Ukraine: liturgy

Ukraine church 2

With Ukraine under grave threat, to complement my posts on modern history there and its popular and folk soundscapes, this seems a suitable time to reacquaint myself with my local Ukrainian church, just up the road in Acton.

The original Baptist church there, founded in 1895, was reconsecrated in 1978 as an Ukrainian Orthodox Church—properly called The Ukrainian Orthodox Autocephalic Church, Cathedral of the Holy Transfiguration of Our Saviour. * The services are regularly streamed on Facebook—here’s the one I attended:

The building, unassuming from the outside, is lovely.

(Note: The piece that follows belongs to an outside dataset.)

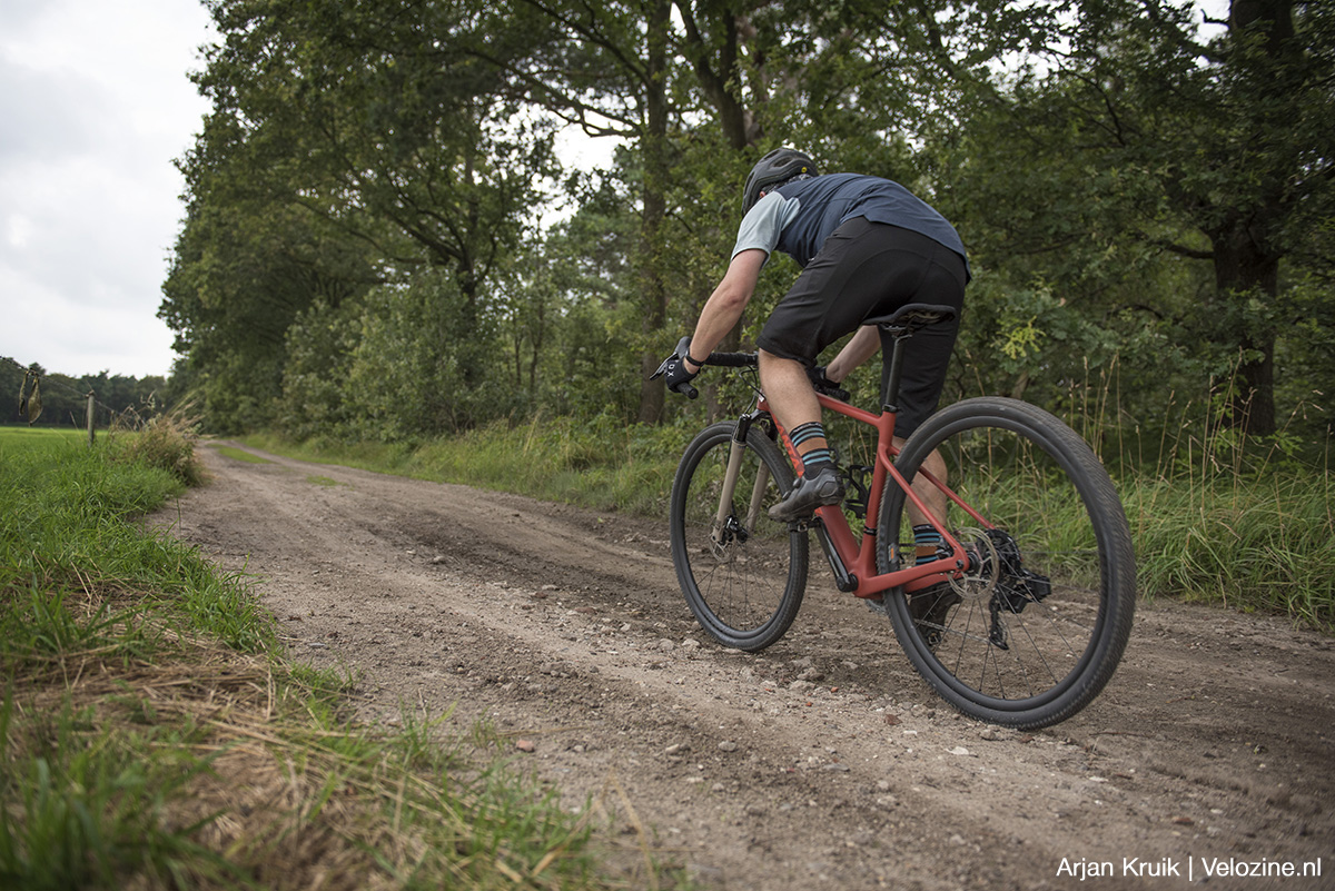 Met een vrijloophoek van circa vijf graden pakt de achternaaf lekker vlot op bij het aanzetten. En ook het stuurgedrag is aangenaam direct. Nee, lang niet zo direct als de net al benoemde Cadex AR-wielen. Die gravelwielen zijn echter in alle richtingen kneiterstijf en de WTB CZR i23 wielen zijn wat mij betreft veel meer en vooral gunstiger gebalanceerd in het spectrum van stijfheid en vergevingsgezindheid.

The little choir, upstairs in the west gallery, punctuates the chanting of the priest.

Ukraine church 1

For the Catholic rite, I ventured to the West End, attending Sunday Mass at the Cathedral of the Ukrainian Greek Catholic Eparchy of the Holy Family in Exile in Duke street (website; Facebook, with a wealth of videos).

Duke street panorama

Source: church website.

It’s a larger building, converted for use as the Ukrainian Catholic cathedral since 1967. Upstairs in the middle of the horseshoe-shaped gallery, the choir of seven women and six men played a substantial role. 

My photos.

For such congregations ritual can serve to enhance solidarity, and at times of crisis, with their relatives and friends under assault back home, to provide consolation.

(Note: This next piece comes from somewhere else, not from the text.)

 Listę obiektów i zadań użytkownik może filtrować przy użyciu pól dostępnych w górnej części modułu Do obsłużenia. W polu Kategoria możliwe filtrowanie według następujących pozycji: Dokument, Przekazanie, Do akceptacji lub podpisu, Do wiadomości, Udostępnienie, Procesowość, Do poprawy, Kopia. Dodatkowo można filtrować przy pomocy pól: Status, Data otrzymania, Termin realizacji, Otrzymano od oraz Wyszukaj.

Ukrainians began settling in the UK in small numbers before World War One, the community increasing after World War Two. Other Ukrainian churches are also active around the UK (for the Orthodox church, click here, and for Catholic parishes, here), and elsewhere in the diaspora—such as the USA and Australia, where many services are shown on YouTube.

* * *

Refugees worship
Source.

Ritual marks division as well as unity. The long, complex history of both Orthodox and Catholic churches in Ukraine is inextricable from politics (see here, and wiki). The Orthodox church, having attempted for many centuries to assert its independence from the Moscow Patriarchate, has sought autocephaly since 1992, ratified since 2018. From St. Michael’s Cathedral in Kyiv, here are highlights of the first Liturgy of His Beatitude Epiphanius, Metropolitan of Kyiv and All Ukraine, Primate of the Orthodox Church of Ukraine:

And now services have had to be held in bomb shelters, as Greek Catholic priests do here:

The many monasteries of Mount Athos, from which women are excluded,  are major sites for Greek, Russian, Ukrainian, and Bulgarian Orthodox liturgies. Here’s part of the Patriarchal Divine Liturgy at the monastery of Xenophontos in 2019—the first celebration of the Epiphanius on Athos:

Since Athos has never added the more recent harmonic tradition of mixed-voice choirs, its monophonic male-voice choral groups sound all the more ancient.


* Wisely, they haven’t attempted to erect a signpost.